The holiday season is a joyous and heart-warming time for celebrating the birth of Jesus, continuing meaningful Christmas traditions, and spending time with the people we love the most…our families. If you’re like me, you can’t wait for the family to assemble, to enjoy fellowship around the table, the giving of gifts, and the making of memories. It’s all so exciting!

But amidst the multitude of people who embrace the holidays and look forward with anticipation to all that come with them, there are people who are hurting because their loved ones aren’t here any longer. For many, the holidays are looked upon with dread because they only magnify the grief and pain they feel over the loss of a husband, a wife, a son, a daughter, a parent, a friend or a neighbor. They hurt because their holiday memories and experiences are attached to that loved one. Every significant and meaningful Christmas experience was celebrated alongside the one they loved. And now they’re gone. And now the motivation and anticipation for Christmas is gone, too.

What can a LIFE Group do to minister to those who are hurting during the holidays? Here are a few suggestions:

  • Be Present. The holidays are busy and that’s one of the reasons people struggle during the holidays. They feel forgotten and alone. The busier everyone else is, the more alone they feel. Be sensitive to this and be present with them as much as you can. Connect with them via text message or email or phone call. Take them to lunch. Give special attention to them, especially those whose loss is so fresh. Your presence may have a healing effect on them.
  • Be Prayerful. Pray FOR them, that God would grant them a peace that surpasses all understanding and that their holiday season would be filled with warm, new memories that contribute to their healing. Consider praying WITH them, that God would grant them comfort in their sorrow. Interceding on behalf of a LIFE Group member who has lost a loved one is one of the most important things you can do.
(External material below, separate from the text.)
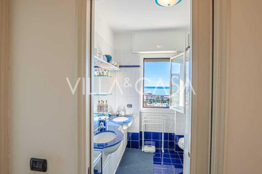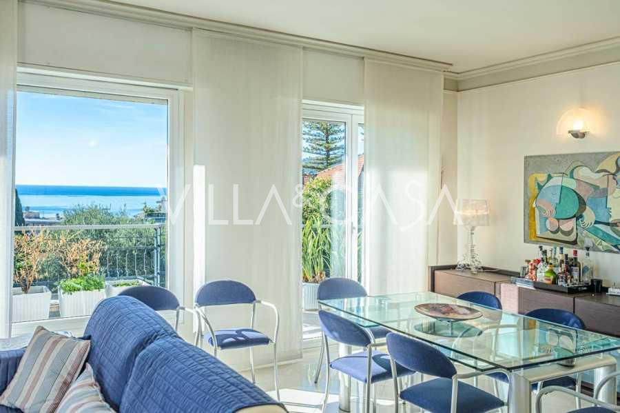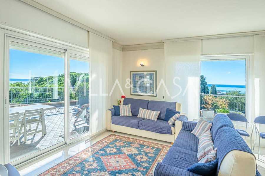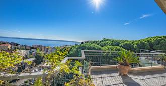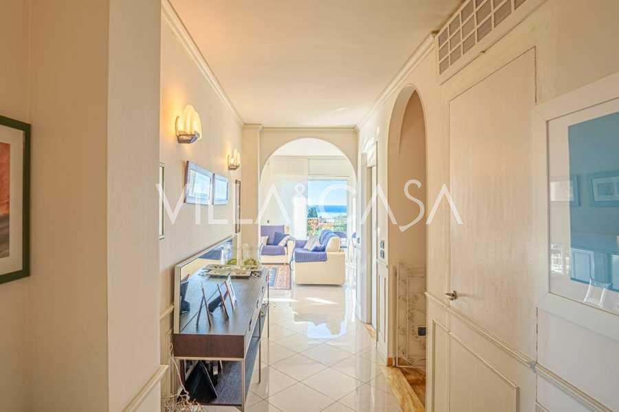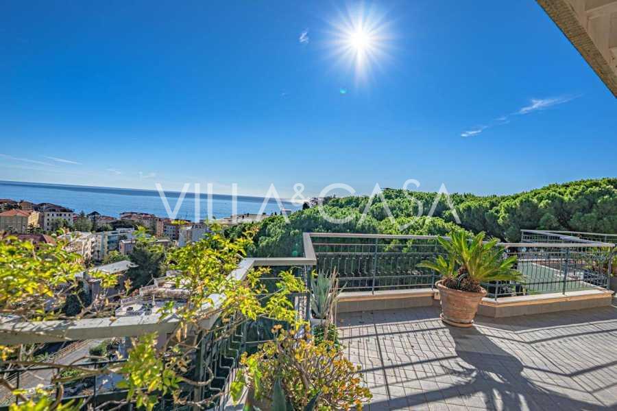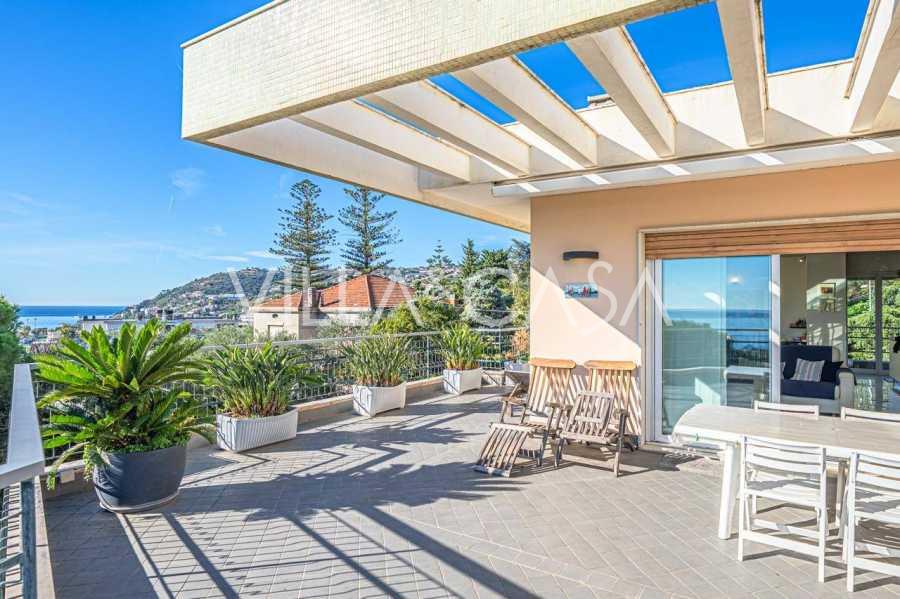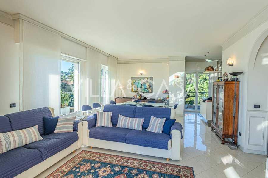 Sanremóban, mindössze 10 perc sétára a tengerparttól, eladó egy körülbelül 146 m²-es penthouse. Az apartman az 5. emeleten található egy liftes épületben, és a következőket tartalmazza:
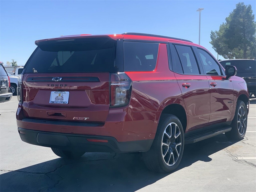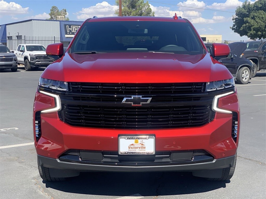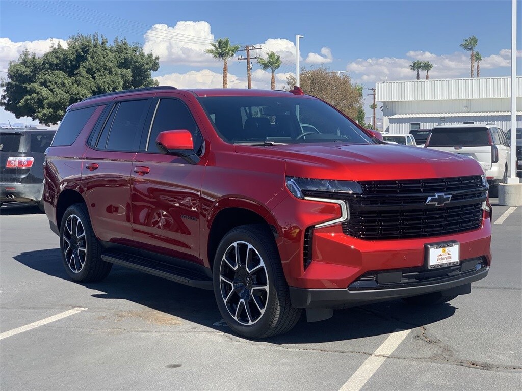 License Plate Front Mounting Package, Preferred Equipment Group 1SP (1st & 2nd Row Color-Keyed Carpeted Floor Mats, Auto-Dimming Inside Rear-View Mirror, Bose 9-Speaker Stereo Audio System Feature, Bright Front & Rear Door Sill Plates, Color-Keyed Carpeting Floor Covering, Driver & Front Outboard Passenger Airbags, Enhanced Driver Information Center, Floor Console w/Storage Area, Hands-Free Rear Power Programmable Liftgate, Infotainment Display, LED Daytime Running Lamps, Memory Settings for Driver, Remote Start, SiriusXM Radio w/360L, Universal Home Remote, Wireless Charging, and Wrapped Steering Wheel), Tahoe RST, 4D Sport Utility, EcoTec3 5.3L V8, 10-Speed Automatic with Overdrive, 4WD, Radiant Red Tintcoat, Jet Black/Victory Red Leather, 10-Way Power Driver & Passenger Seat Adjusters, 3.23 Rear Axle Ratio, 3rd row seats: split-bench, 4-Wheel Disc Brakes, 9 Speakers, ABS brakes, Air Conditioning, Alloy wheels, AM/FM radio: SiriusXM with 360L, Apple CarPlay/Android Auto, Auto High-beam Headlights, Auto-dimming Rear-View mirror, Automatic temperature control, Brake assist, Bumpers: body-color, Compass, Delay-off headlights, Driver door bin, Driver vanity mirror, Dual front impact airbags, Dual front side impact airbags, Dual-Pane Power Panoramic Sunroof, Electronic Stability Control, Emergency communication system: OnStar and Chevrolet connected services capable, Four wheel independent suspension, Front anti-roll bar, Front Bucket Seats, Front Center Armrest, Front dual zone A/C, Front High-Back Reclining Bucket Seats, Front reading lights, Fully automatic headlights, Garage door transmitter, Heated door mirrors, Heated Driver & Front Passenger Seats, Heated front seats, Highway Safety Kit, Illuminated entry, Illuminated Front & Rear Door Sill Plates (LPO), Low tire pressure warning, Memory seat, Navigation System, Not Equipped w/Wheel Locks (LPO), Occupant sensing airbag, Outside temperature display, Overhead airbag, Overhead console, Panic alarm, Passenger door bin, Passenger vanity mirror, Perforated Leather Seat Trim, Power door mirrors, Power driver seat, Power Liftgate, Power passenger seat, Power steering, Power windows, Premium audio system: Chevrolet Infotainment 3 Premium, Premium Smooth Ride Suspension, Radio: Chevrolet Infotainment 3 Premium System, Rain sensing wipers, Rear air conditioning, Rear anti-roll bar, Rear reading lights, Rear seat center armrest, Rear window defroster, Rear window wiper, Remote keyless entry, Roof rack: rails only, Security system, Set of 4 Wheel Locks (LPO), Speed control, Speed-sensing steering, Split folding rear seat, Spoiler, Steering wheel mounted audio controls, Tachometer, Telescoping steering wheel, Tilt steering wheel, Traction control, Trip computer, Variably intermittent wipers, Vertical Cargo Net (LPO), Voltmeter, and Wheels: 22" x 9" Bright Machined.

Send them a card and tell them you remember them and are praying for them.
  • Be Sensitive. As you’re planning parties and family get-togethers and describing the joy that you will experience through those occasions, be sensitive to the ones who may not be experiencing the same excitement as you. I’m not saying to temper your excitement as not to make someone else feel bad. I’m saying to show a godly discernment in talking about those things that takes into account the person’s pain and hurt.
  • Be Proactive. Reach out to them. Initiate and ask if there’s anything you can do that will make a significant difference to them during the holidays. What can you provide that would impact them and bring comfort to them during the season? A meal? Flowers?